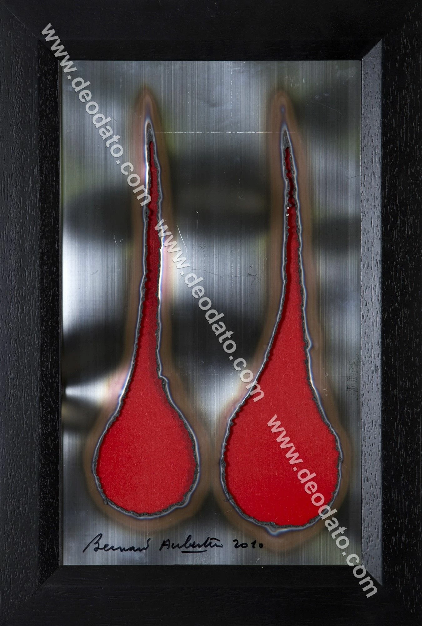 Lamiera bruciata con l’intervento della fiamma ossidrica che crea due forme tondeggianti nelle quali risalta lo sfondo rosso, caratteristica tipica dell’artista Bernard Aubertin. Il prezzo dell’opera include la cornice ed il catalogo con copertina rigida Bernard Aubertin. Fer Brûlé sul quale è pubblicata l’opera a pagina 140. Inoltre l’opera è anche stata archiviata dall’artista con n° 10519.
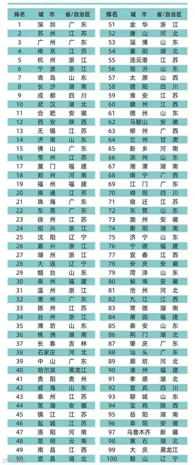 整体来看,中国制造业发达的100个城市共划分为跃升期、扩张期、发展期、起步期四类城市,城市数量分别为3个、26个、29个和42个。
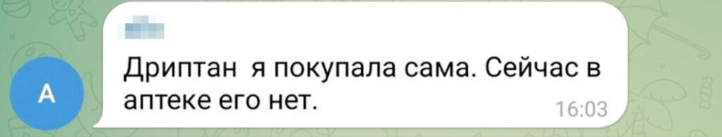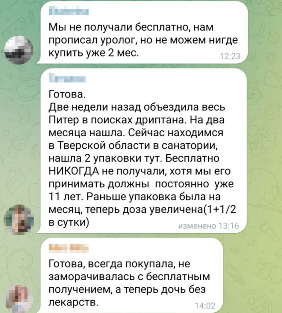 Ольга Чолак к аналогам настроена менее оптимистично. Она успела перекупить две пачки «Дриптана» у одной из знакомых мам (до прекращения продаж упаковка «Дриптана» в электронной аптеке стоила чуть больше тысячи рублей за 30 таблеток. — Прим. «Вёрстки».). Когда препарат закончится, Ольга надеется получить его из-за границы — её бабушка живет в Турции. «Иначе я не знаю, что нам делать. Аналоги не всем подходят. Некоторые девочки (из сообщества родителей детей со Spina bifida. — Прим. ред.) жаловались, что от аналогов нет вообще никакого эффекта, а у других появляются побочки: высыпания, жар, мочеполовые инфекции», — говорит Ольга.
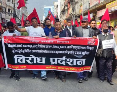 चर्को व्याज र महंगी भ्रटाचारबिरुद्व नेकपाको बिरोध प्रदर्शनबुटवल, फागुन ५ गते । नेपाल कम्युनिष्ट पार्टीले बैंकको चर्को व्याज, मिटरव्याजी र महंङी भ्रष्टाचारबिरुद्व देशभर बिरोध प्रदर्शन गरेको छ ।...पुरा पढ्नुहोस
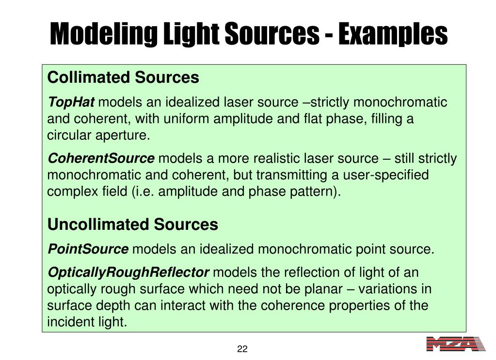 Modeling Light Sources - Examples Collimated Sources TopHatmodels an idealized laser source –strictly monochromatic and coherent, with uniform amplitude and flat phase, filling a circular aperture. CoherentSource models a more realistic laser source – still strictly monochromatic and coherent, but transmitting a user-specified complex field (i.e. amplitude and phase pattern). Uncollimated Sources PointSource models an idealized monochromatic point source. OpticallyRoughReflector models the reflection of light of an optically rough surface which need not be planar – variations in surface depth can interact with the coherence properties of the incident light.
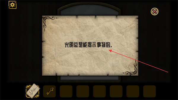 4、点击纸张可以看到光明总是能揭示事物的这段提示后,需留意游戏中与光明相关的元素,利用这类元素去探索隐藏的线索来推进游戏。
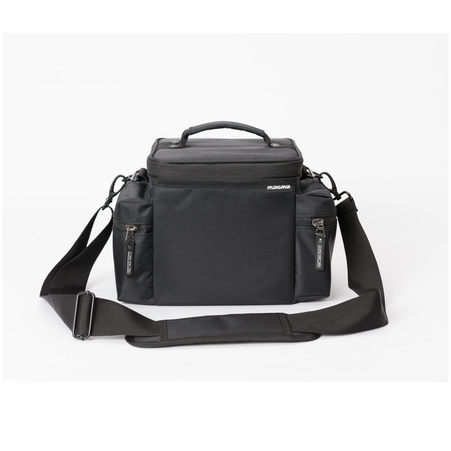 Bolsa com capacidade para 100 discos de 7 polegadas e acessórios. O seu corpo principal totalmente acolchoado apresenta um corpo reforçado em PVC semiduro, que proporciona uma excelente proteção e um ajuste estável mesmo na posição de pré-seleção dos discos. Acessórios adicionais, como fones de ouvido, uma caixa de agulha e 45 adaptadores podem ser facilmente armazenados nos dois bolsos laterais. Fabricado em nylon balístico 1680D durável e 100% impermeável, com laterais em PVC integradas para máxima proteção e um ajuste estável. Inclui um compartimento interno em malha com fecho e alça de ombro amovível. Medidas externas: 29 x 20 x 21 cm (incluindo bolsos laterais) Medidas internas: 19,5 x 18 x 19 cm. Peso: 0,9 kg. Acabamento exterior na cor preta e interior na cor bordô.
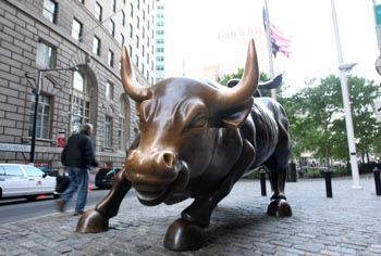 在美國(guó)紐約拍攝的華爾街銅牛。新華社記者 劉欣
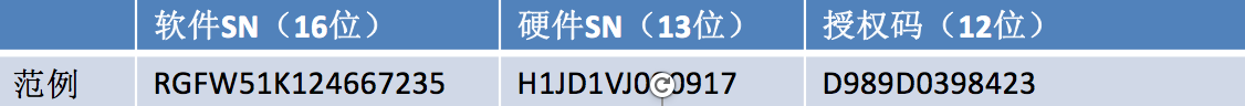 (1)请参照以下表格范例收集软件SN、硬件SN和授权码
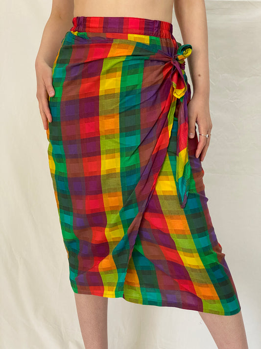 00s AMICI Woman Pink Plaid Midi Wool Skirt - L
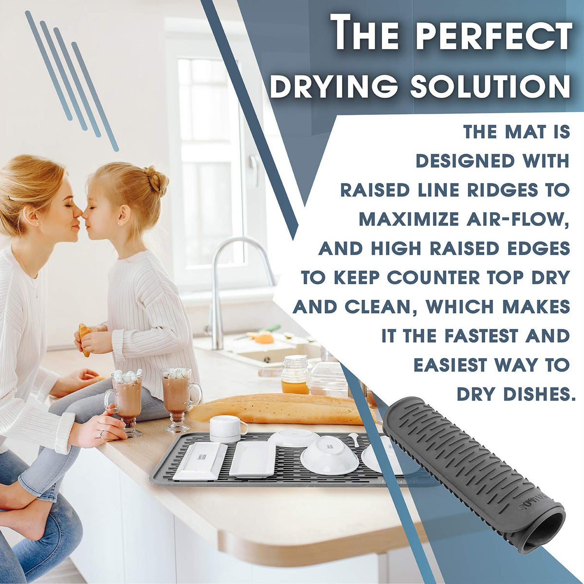 - Q: What are the key features of the HOTPOP Silicone Dish Drying Mat? A: Key features include raised line ridges for airflow, high raised edges to keep countertops dry, non-slip design, and shock-absorbency.
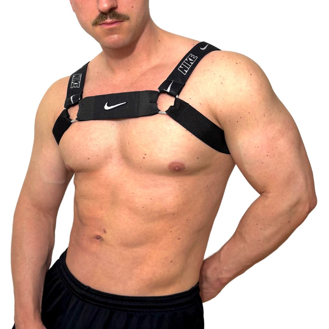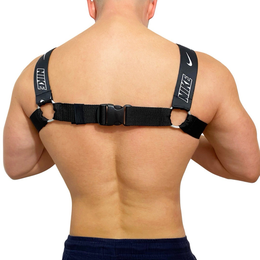 Our totally unique Nike Air Max Harness handmade from up-cycled Nike waist bags. Besides the authentic material from the bags, we finish this customised product with high premium quality elastic bend and titanium rings which provide adaptability.
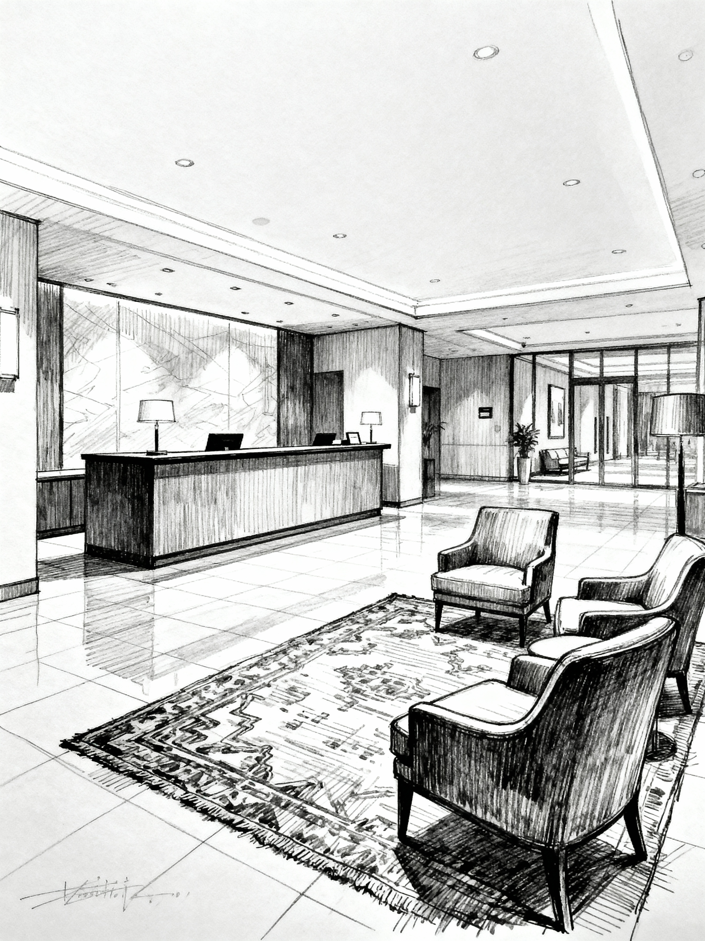 (hand-drawn monochrome black and white sketch line drawing)++ of sketch-style interior designed (hotel lobby) apartment interior. a sketch of interior. with . . a sketch of interior. with check in desk and lounge chairs and rug. trending on artstation. black and white line drawing sketch without colors.
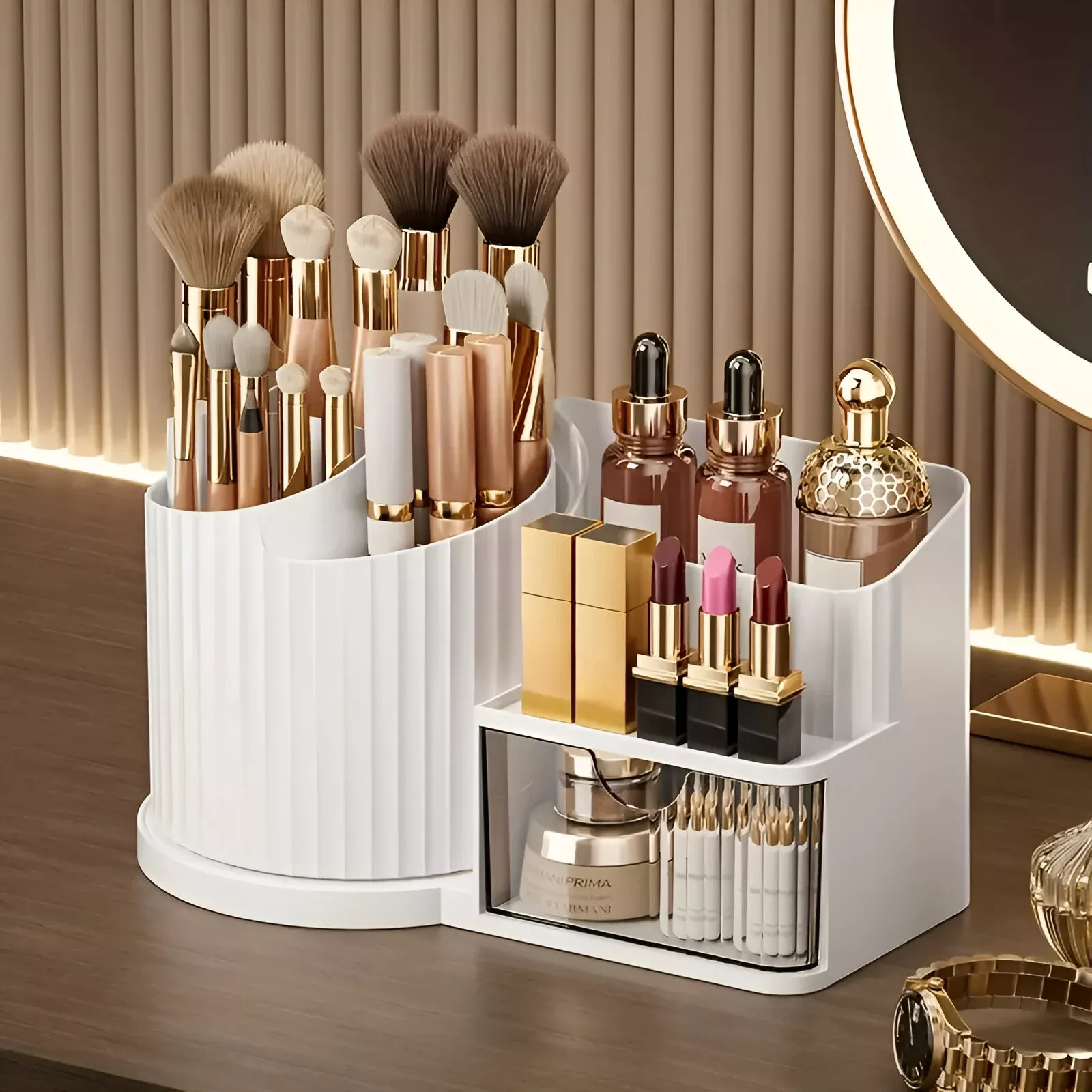 • All-in-one storage – holds skincare bottles, makeup brushes, lipsticks, and more.

**What is required**. For this exercise, please set down exactly the lines of the listing above from the line with "4、点击纸张可以看到光明总是" up to and including the line with "(hand-drawn monochrome black", and no pictures.

**Your solution**.
 4、点击纸张可以看到光明总是能揭示事物的这段提示后,需留意游戏中与光明相关的元素,利用这类元素去探索隐藏的线索来推进游戏。
 Bolsa com capacidade para 100 discos de 7 polegadas e acessórios. O seu corpo principal totalmente acolchoado apresenta um corpo reforçado em PVC semiduro, que proporciona uma excelente proteção e um ajuste estável mesmo na posição de pré-seleção dos discos. Acessórios adicionais, como fones de ouvido, uma caixa de agulha e 45 adaptadores podem ser facilmente armazenados nos dois bolsos laterais. Fabricado em nylon balístico 1680D durável e 100% impermeável, com laterais em PVC integradas para máxima proteção e um ajuste estável. Inclui um compartimento interno em malha com fecho e alça de ombro amovível. Medidas externas: 29 x 20 x 21 cm (incluindo bolsos laterais) Medidas internas: 19,5 x 18 x 19 cm. Peso: 0,9 kg. Acabamento exterior na cor preta e interior na cor bordô.
 在美國(guó)紐約拍攝的華爾街銅牛。新華社記者 劉欣
 (1)请参照以下表格范例收集软件SN、硬件SN和授权码
 00s AMICI Woman Pink Plaid Midi Wool Skirt - L
 - Q: What are the key features of the HOTPOP Silicone Dish Drying Mat? A: Key features include raised line ridges for airflow, high raised edges to keep countertops dry, non-slip design, and shock-absorbency.
 Our totally unique Nike Air Max Harness handmade from up-cycled Nike waist bags. Besides the authentic material from the bags, we finish this customised product with high premium quality elastic bend and titanium rings which provide adaptability.
 (hand-drawn monochrome black and white sketch line drawing)++ of sketch-style interior designed (hotel lobby) apartment interior. a sketch of interior. with . . a sketch of interior. with check in desk and lounge chairs and rug. trending on artstation. black and white line drawing sketch without colors.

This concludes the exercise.